## [DATA FOR THIS EXERCISE]
--- --- ---

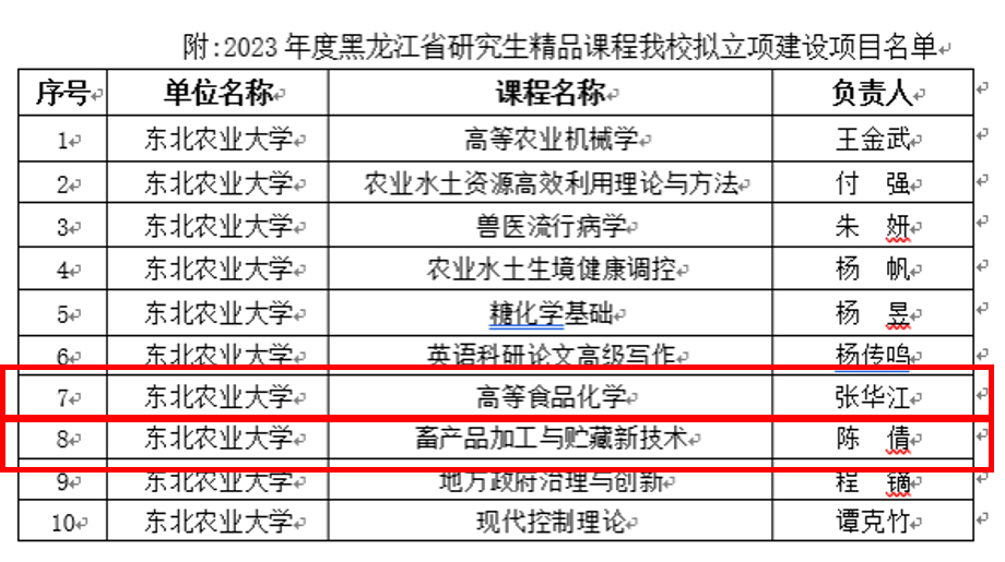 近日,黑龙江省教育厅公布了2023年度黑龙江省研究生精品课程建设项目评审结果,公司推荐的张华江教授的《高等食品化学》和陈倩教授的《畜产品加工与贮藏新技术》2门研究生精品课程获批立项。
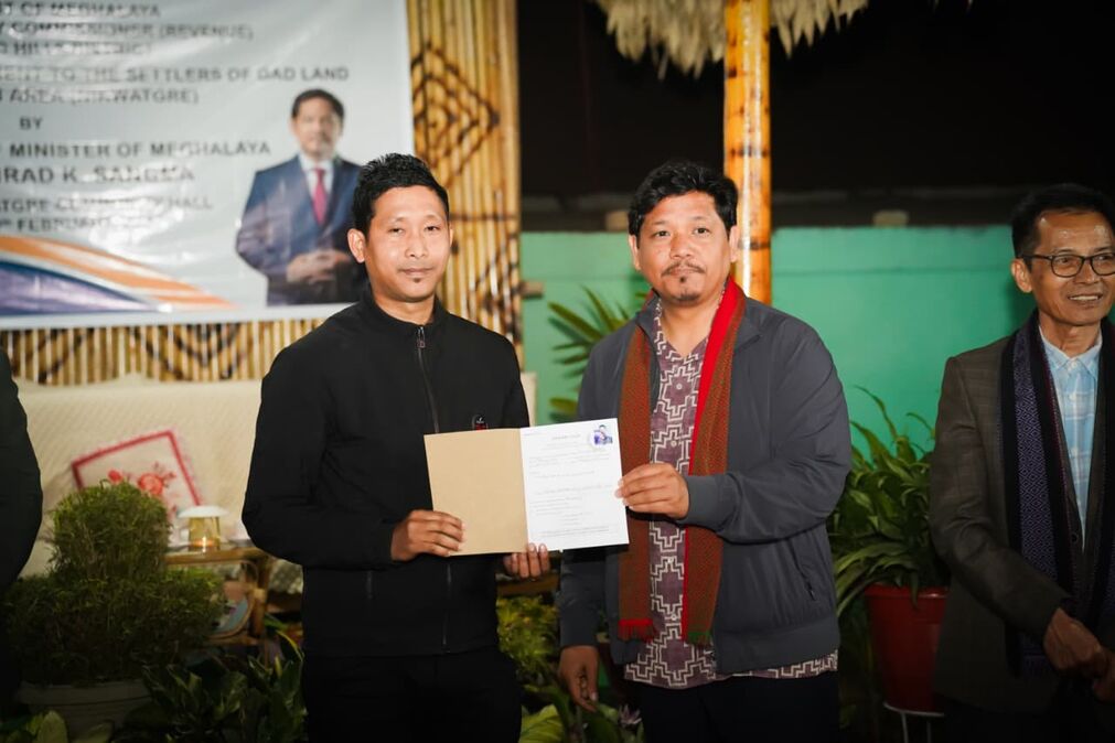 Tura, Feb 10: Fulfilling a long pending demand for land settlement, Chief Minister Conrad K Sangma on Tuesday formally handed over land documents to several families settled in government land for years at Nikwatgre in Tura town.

--- --- ---

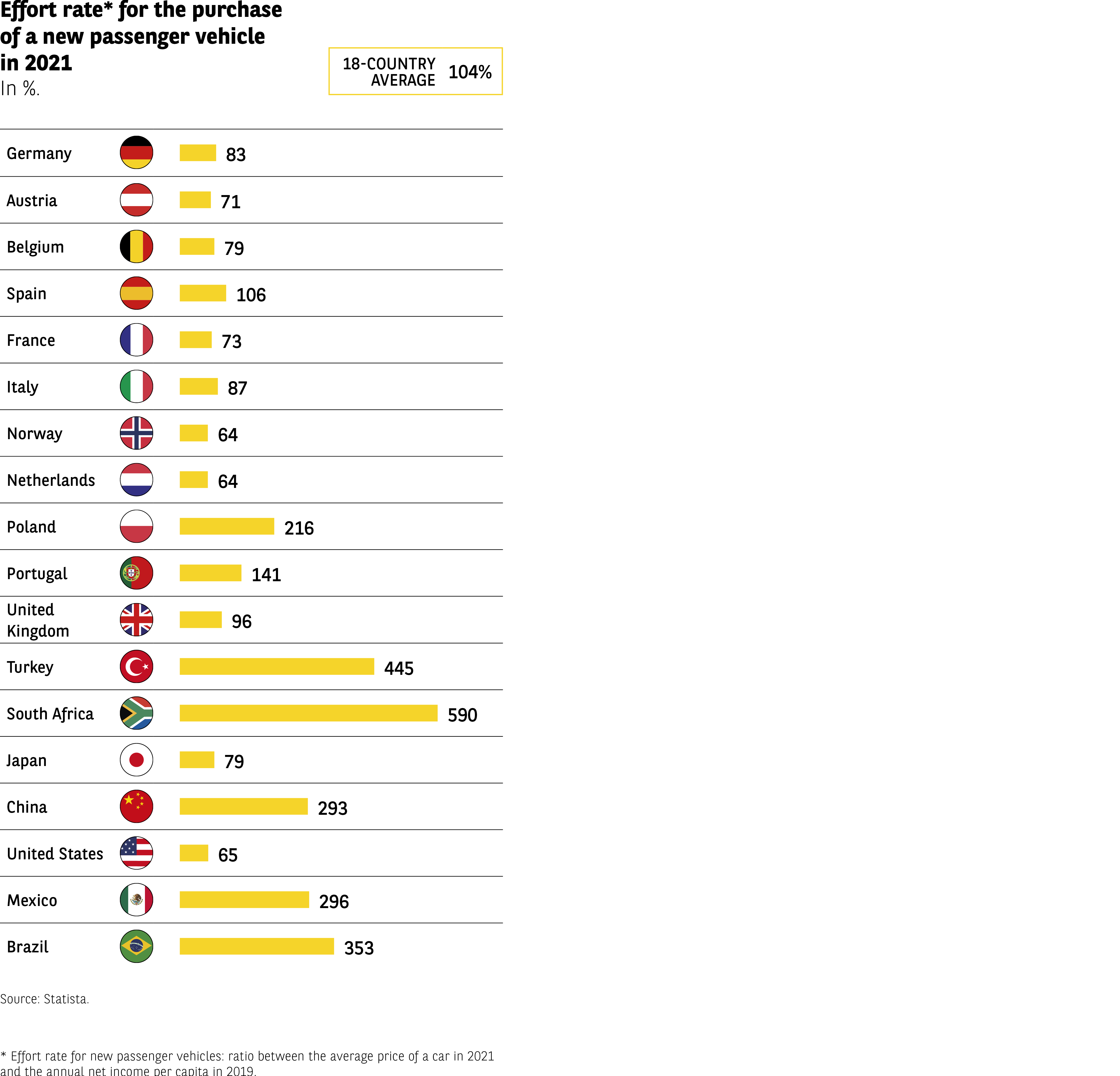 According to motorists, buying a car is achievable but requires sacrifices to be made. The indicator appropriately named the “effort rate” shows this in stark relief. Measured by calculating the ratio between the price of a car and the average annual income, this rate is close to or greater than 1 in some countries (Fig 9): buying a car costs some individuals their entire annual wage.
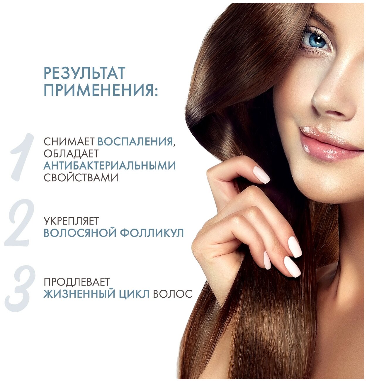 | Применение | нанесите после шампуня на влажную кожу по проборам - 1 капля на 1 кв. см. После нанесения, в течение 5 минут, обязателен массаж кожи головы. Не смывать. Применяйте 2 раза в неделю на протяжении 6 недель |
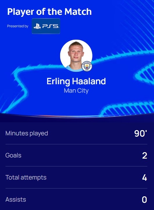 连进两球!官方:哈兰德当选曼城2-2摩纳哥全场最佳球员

--- --- ---

## [WORK TASK]
The answer should consist only of the lines above from the one with "近日,黑龙江省教育厅公布了2" through the one with "Tura, Feb 10: Fulfilling", repeated exactly, with no pictures among them.

## [EXERCISE RESULT]
 近日,黑龙江省教育厅公布了2023年度黑龙江省研究生精品课程建设项目评审结果,公司推荐的张华江教授的《高等食品化学》和陈倩教授的《畜产品加工与贮藏新技术》2门研究生精品课程获批立项。
 Tura, Feb 10: Fulfilling a long pending demand for land settlement, Chief Minister Conrad K Sangma on Tuesday formally handed over land documents to several families settled in government land for years at Nikwatgre in Tura town.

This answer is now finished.